In both these cases, the proposed technique correctly estimates the lack of any speed-up. This means that our methodology may be highly suitable during the design space exploration, allowing the designer to obtain a fast preliminary evaluation on different parallelization approaches without requiring multiple, time-consuming simulations or executions on the target platform. In smoothing, the control constructs are very unbalanced (i.e., some branches have a larger probability to be taken) and the approach based on worst case (A) is able to model this situation, obtaining results that are very close to the proposed methodology. However, code restructuring due to optimizations changes the situation, and only the proposed methodology (D) is able to accurately model it. Note that, in general, when the branch probabilities are unbalanced, the approach based on the worst case (A) behaves better than the probabilistic one (B). Graphsearch and JPEG are examples for this scenario. In jacobi1 and openmpbench, the number of control constructs and loops is very limited. Again the branch probabilities are very unbalanced and the approach based on the worst case obtains the best results (A). However, the error of the proposed methodology is still acceptable (less than the 13%). In fft6, the effect of the control is negligible and the speed up of the parallelized code is correctly predictable by all the models with a very limited error. In dijkstra, instead, the branch probabilities of the control constructs are almost equiprobable. Consequently, the approach based on equiprobable branches accurately models such situation. In all the remaining cases, the profiling techniques C and D systematically outperform the probabilistic ones. On these benchmarks, they obtain very similar results.

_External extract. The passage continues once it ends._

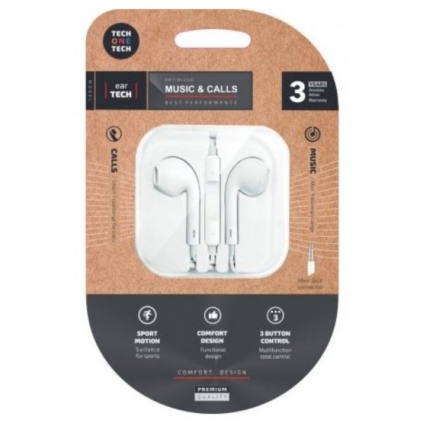 - Auriculares earTECH ergonómicos, sonido estéreo, con micrófono, controles de volumen y tercer botón multifunción.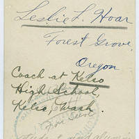 [back] Leslie L. Hoar. Forest Grove, Oregon. Coach at Kelso High School, Kelso, Wash.

VII. CONCLUSIONS AND FUTURE WORK
In this paper we proposed a methodology that effectively combines a new path profiling technique, the Hierarchical Path Profiling (HPP), with the information coming from the control dependence regions to obtain the static speed-up estimation of a parallel code, represented by a Hierarchical Task Graph. We applied our methodology to a set of common benchmarks for embedded and parallel computing, showing that it produces more accurate estimations than other standard approaches. Such a solution may be integrated in future auto-parallelizing compilers or performance analysis tools for MPSoCs to obtain a fast evaluation of the quality of the parallelization.
Future work will focus on the integration of all the optimizations proposed in literature to reduce the instrumentation overhead, on the analysis of the correlations among the operations and on the effects due to the target architecture (e.g. hits and misses on instruction and data caches or communication) to further improve the estimation accuracy.